- DATA TO EXAMINE:
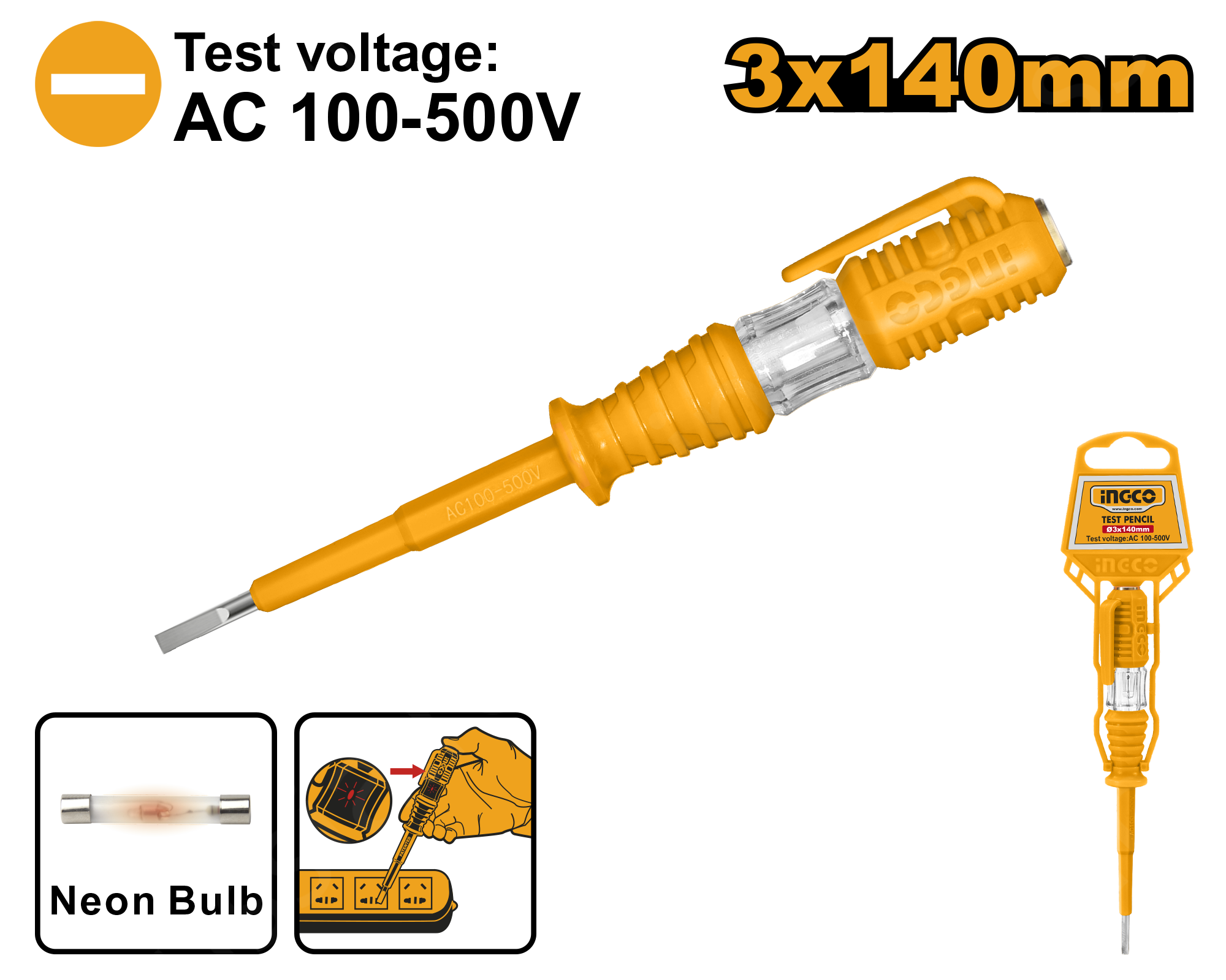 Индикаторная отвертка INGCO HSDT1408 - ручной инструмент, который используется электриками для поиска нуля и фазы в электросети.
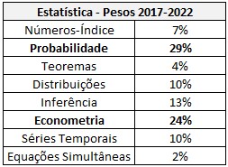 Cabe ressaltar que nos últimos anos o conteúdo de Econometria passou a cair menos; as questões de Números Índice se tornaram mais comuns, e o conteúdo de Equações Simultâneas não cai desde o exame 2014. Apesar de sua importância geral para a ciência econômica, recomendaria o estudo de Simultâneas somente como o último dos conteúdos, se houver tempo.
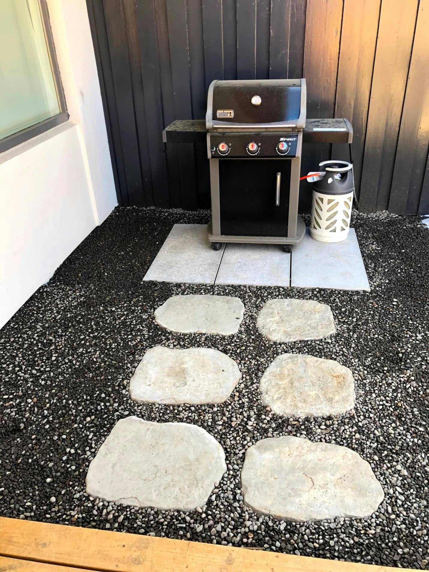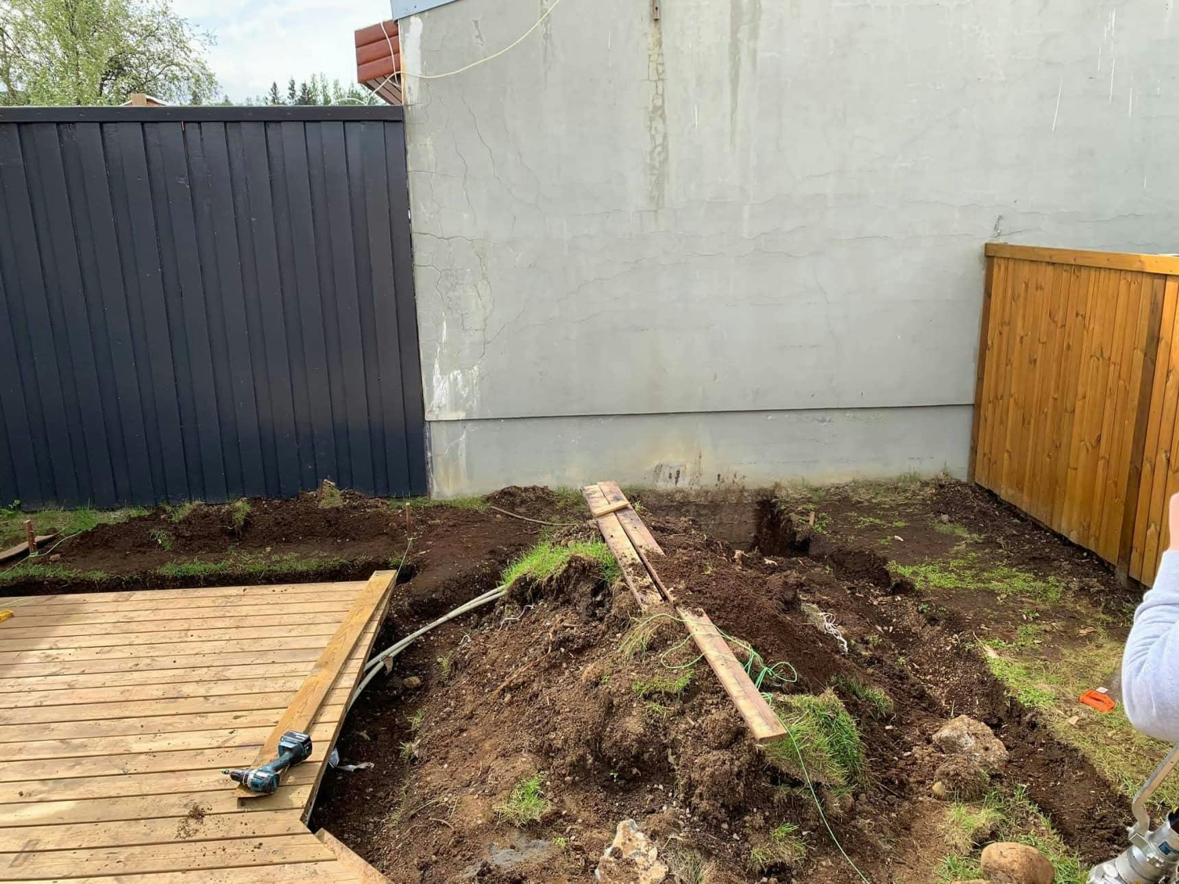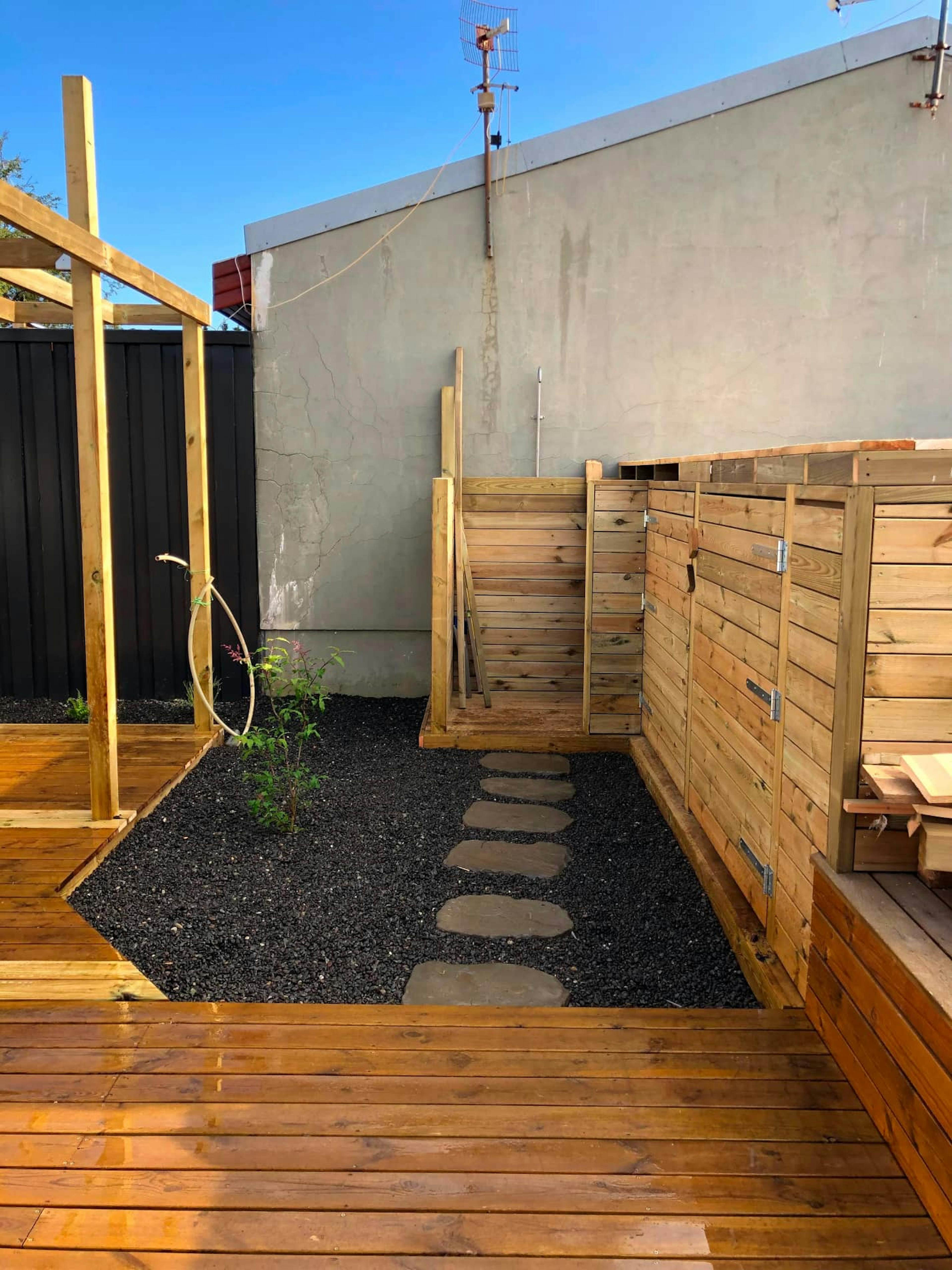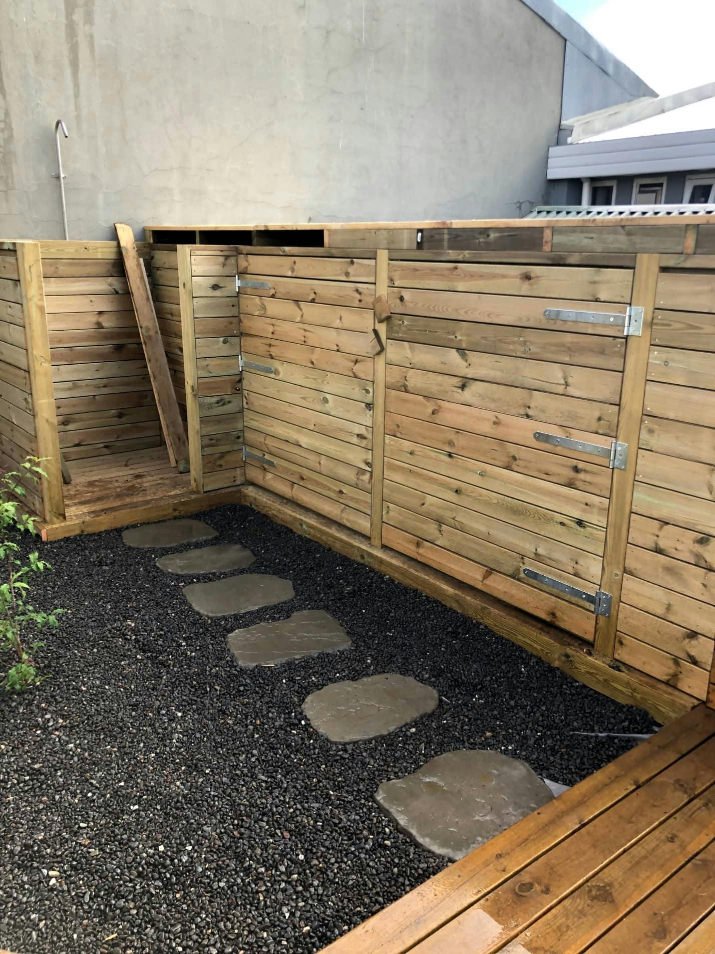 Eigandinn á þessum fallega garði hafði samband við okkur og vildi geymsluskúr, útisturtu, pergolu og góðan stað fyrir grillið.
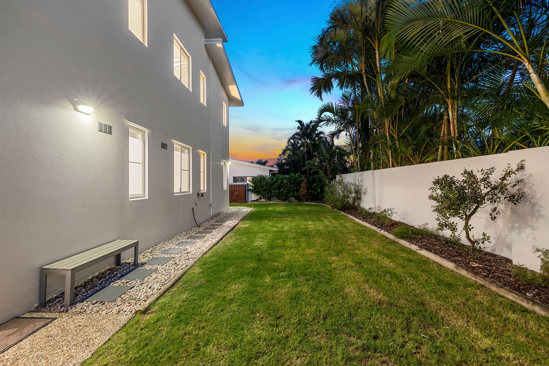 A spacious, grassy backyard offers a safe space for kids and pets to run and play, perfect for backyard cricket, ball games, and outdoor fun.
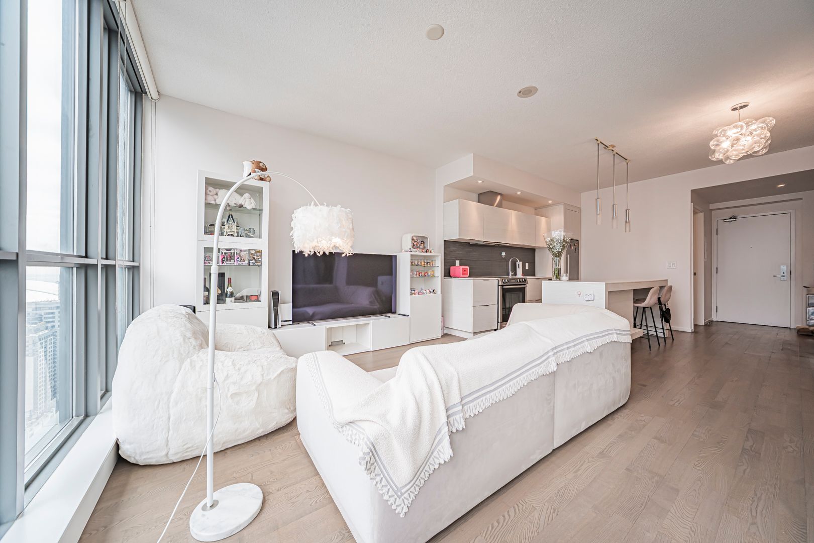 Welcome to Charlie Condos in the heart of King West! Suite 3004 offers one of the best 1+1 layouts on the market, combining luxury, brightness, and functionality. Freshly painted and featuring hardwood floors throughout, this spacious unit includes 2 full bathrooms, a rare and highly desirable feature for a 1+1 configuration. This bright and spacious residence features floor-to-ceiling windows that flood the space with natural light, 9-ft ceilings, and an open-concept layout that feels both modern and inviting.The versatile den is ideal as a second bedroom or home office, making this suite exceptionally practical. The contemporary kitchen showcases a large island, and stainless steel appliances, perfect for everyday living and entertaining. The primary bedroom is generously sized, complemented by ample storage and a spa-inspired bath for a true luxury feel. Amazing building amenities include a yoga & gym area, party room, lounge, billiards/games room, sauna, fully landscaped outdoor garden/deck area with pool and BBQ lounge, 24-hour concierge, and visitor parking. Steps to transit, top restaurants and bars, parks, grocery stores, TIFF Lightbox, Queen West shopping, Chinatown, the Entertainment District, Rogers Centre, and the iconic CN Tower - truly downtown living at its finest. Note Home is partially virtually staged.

- WHAT YOU SHOULD DO: Restate the material above word for word, omitting the pictures.

- TASK RESPONSE:
 Индикаторная отвертка INGCO HSDT1408 - ручной инструмент, который используется электриками для поиска нуля и фазы в электросети.
 Cabe ressaltar que nos últimos anos o conteúdo de Econometria passou a cair menos; as questões de Números Índice se tornaram mais comuns, e o conteúdo de Equações Simultâneas não cai desde o exame 2014. Apesar de sua importância geral para a ciência econômica, recomendaria o estudo de Simultâneas somente como o último dos conteúdos, se houver tempo.
 Eigandinn á þessum fallega garði hafði samband við okkur og vildi geymsluskúr, útisturtu, pergolu og góðan stað fyrir grillið.
 A spacious, grassy backyard offers a safe space for kids and pets to run and play, perfect for backyard cricket, ball games, and outdoor fun.
 Welcome to Charlie Condos in the heart of King West! Suite 3004 offers one of the best 1+1 layouts on the market, combining luxury, brightness, and functionality. Freshly painted and featuring hardwood floors throughout, this spacious unit includes 2 full bathrooms, a rare and highly desirable feature for a 1+1 configuration. This bright and spacious residence features floor-to-ceiling windows that flood the space with natural light, 9-ft ceilings, and an open-concept layout that feels both modern and inviting.The versatile den is ideal as a second bedroom or home office, making this suite exceptionally practical. The contemporary kitchen showcases a large island, and stainless steel appliances, perfect for everyday living and entertaining. The primary bedroom is generously sized, complemented by ample storage and a spa-inspired bath for a true luxury feel. Amazing building amenities include a yoga & gym area, party room, lounge, billiards/games room, sauna, fully landscaped outdoor garden/deck area with pool and BBQ lounge, 24-hour concierge, and visitor parking. Steps to transit, top restaurants and bars, parks, grocery stores, TIFF Lightbox, Queen West shopping, Chinatown, the Entertainment District, Rogers Centre, and the iconic CN Tower - truly downtown living at its finest. Note Home is partially virtually staged.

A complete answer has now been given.